- _To do_
In the listing that follows, the range to quote begins at the line that has "Beaded French lace" and ends after the line that has "Это по-настоящему атмосферное"; quote it verbatim and add nothing.

- _Input data_
○ ○ ○ ○

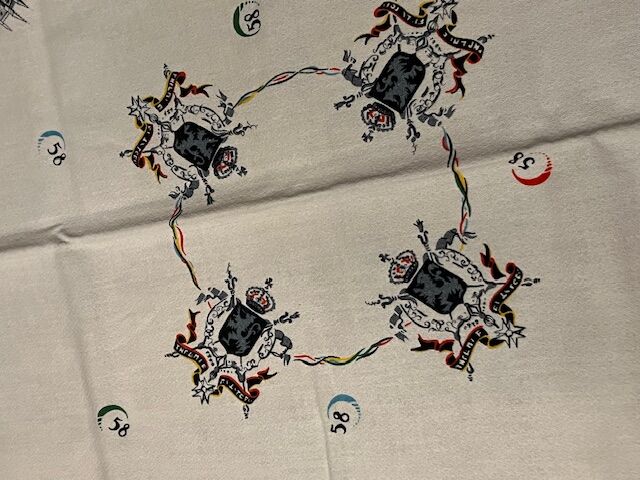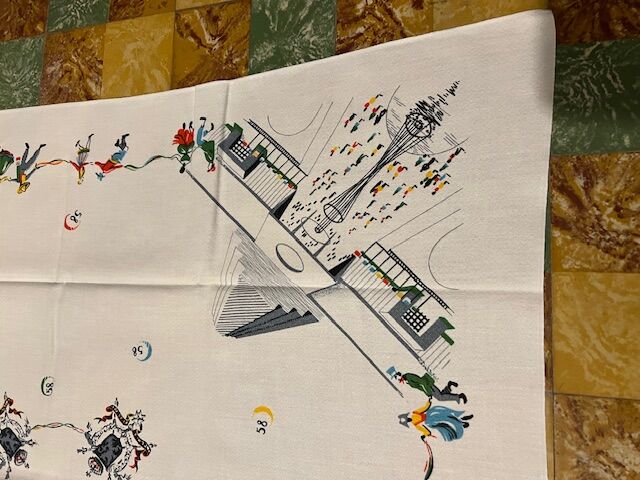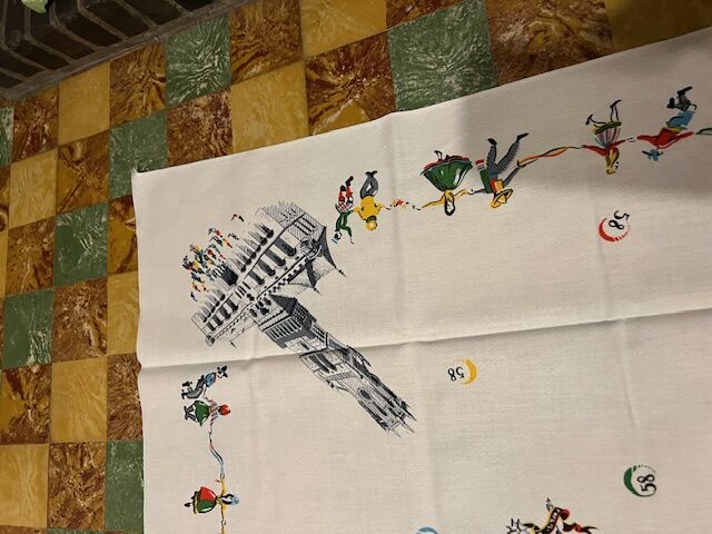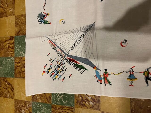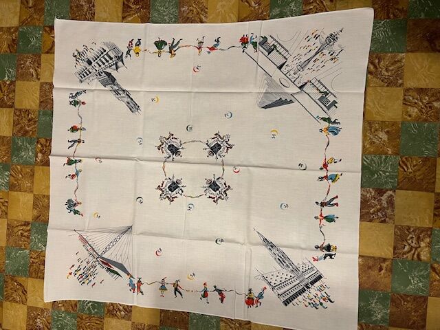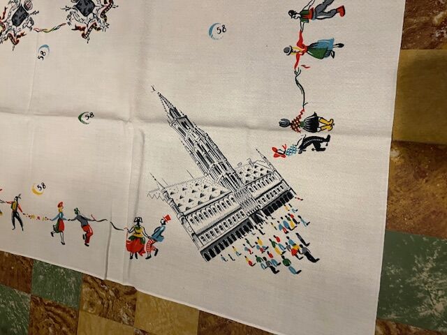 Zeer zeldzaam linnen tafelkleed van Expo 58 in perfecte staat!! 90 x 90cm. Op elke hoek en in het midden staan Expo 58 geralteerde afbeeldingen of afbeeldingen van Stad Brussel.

○ ○ ○ ○

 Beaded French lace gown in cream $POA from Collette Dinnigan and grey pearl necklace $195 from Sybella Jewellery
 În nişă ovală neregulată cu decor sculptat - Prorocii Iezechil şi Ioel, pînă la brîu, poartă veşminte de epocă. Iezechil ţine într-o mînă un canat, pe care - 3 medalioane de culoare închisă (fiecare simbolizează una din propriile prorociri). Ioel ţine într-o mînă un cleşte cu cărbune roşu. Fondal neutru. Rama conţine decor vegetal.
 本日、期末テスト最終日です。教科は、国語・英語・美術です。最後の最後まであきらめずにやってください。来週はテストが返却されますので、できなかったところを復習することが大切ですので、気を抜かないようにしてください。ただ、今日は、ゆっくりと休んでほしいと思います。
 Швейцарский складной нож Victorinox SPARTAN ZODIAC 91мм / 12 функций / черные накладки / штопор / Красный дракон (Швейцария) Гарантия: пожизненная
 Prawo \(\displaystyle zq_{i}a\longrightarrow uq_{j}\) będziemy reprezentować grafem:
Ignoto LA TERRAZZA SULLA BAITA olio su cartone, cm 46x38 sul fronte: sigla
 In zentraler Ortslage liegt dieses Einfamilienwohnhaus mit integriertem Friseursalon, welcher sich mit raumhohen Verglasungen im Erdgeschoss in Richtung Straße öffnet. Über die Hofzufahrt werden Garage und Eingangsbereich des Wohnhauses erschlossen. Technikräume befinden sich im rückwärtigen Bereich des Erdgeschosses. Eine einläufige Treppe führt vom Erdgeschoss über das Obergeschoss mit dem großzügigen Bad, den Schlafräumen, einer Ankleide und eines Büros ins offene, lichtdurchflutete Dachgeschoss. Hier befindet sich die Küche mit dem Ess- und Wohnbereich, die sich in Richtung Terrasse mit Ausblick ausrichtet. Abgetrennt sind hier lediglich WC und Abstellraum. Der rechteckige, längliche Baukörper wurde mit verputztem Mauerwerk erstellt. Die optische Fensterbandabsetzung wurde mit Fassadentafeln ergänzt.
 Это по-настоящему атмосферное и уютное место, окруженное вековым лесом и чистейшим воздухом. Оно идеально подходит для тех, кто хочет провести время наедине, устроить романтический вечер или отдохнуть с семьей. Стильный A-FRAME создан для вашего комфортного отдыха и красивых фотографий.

○ ○ ○ ○

- _Written answer_
 Beaded French lace gown in cream $POA from Collette Dinnigan and grey pearl necklace $195 from Sybella Jewellery
 În nişă ovală neregulată cu decor sculptat - Prorocii Iezechil şi Ioel, pînă la brîu, poartă veşminte de epocă. Iezechil ţine într-o mînă un canat, pe care - 3 medalioane de culoare închisă (fiecare simbolizează una din propriile prorociri). Ioel ţine într-o mînă un cleşte cu cărbune roşu. Fondal neutru. Rama conţine decor vegetal.
 本日、期末テスト最終日です。教科は、国語・英語・美術です。最後の最後まであきらめずにやってください。来週はテストが返却されますので、できなかったところを復習することが大切ですので、気を抜かないようにしてください。ただ、今日は、ゆっくりと休んでほしいと思います。
 Швейцарский складной нож Victorinox SPARTAN ZODIAC 91мм / 12 функций / черные накладки / штопор / Красный дракон (Швейцария) Гарантия: пожизненная
 Prawo \(\displaystyle zq_{i}a\longrightarrow uq_{j}\) będziemy reprezentować grafem:
Ignoto LA TERRAZZA SULLA BAITA olio su cartone, cm 46x38 sul fronte: sigla
 In zentraler Ortslage liegt dieses Einfamilienwohnhaus mit integriertem Friseursalon, welcher sich mit raumhohen Verglasungen im Erdgeschoss in Richtung Straße öffnet. Über die Hofzufahrt werden Garage und Eingangsbereich des Wohnhauses erschlossen. Technikräume befinden sich im rückwärtigen Bereich des Erdgeschosses. Eine einläufige Treppe führt vom Erdgeschoss über das Obergeschoss mit dem großzügigen Bad, den Schlafräumen, einer Ankleide und eines Büros ins offene, lichtdurchflutete Dachgeschoss. Hier befindet sich die Küche mit dem Ess- und Wohnbereich, die sich in Richtung Terrasse mit Ausblick ausrichtet. Abgetrennt sind hier lediglich WC und Abstellraum. Der rechteckige, längliche Baukörper wurde mit verputztem Mauerwerk erstellt. Die optische Fensterbandabsetzung wurde mit Fassadentafeln ergänzt.
 Это по-настоящему атмосферное и уютное место, окруженное вековым лесом и чистейшим воздухом. Оно идеально подходит для тех, кто хочет провести время наедине, устроить романтический вечер или отдохнуть с семьей. Стильный A-FRAME создан для вашего комфортного отдыха и красивых фотографий.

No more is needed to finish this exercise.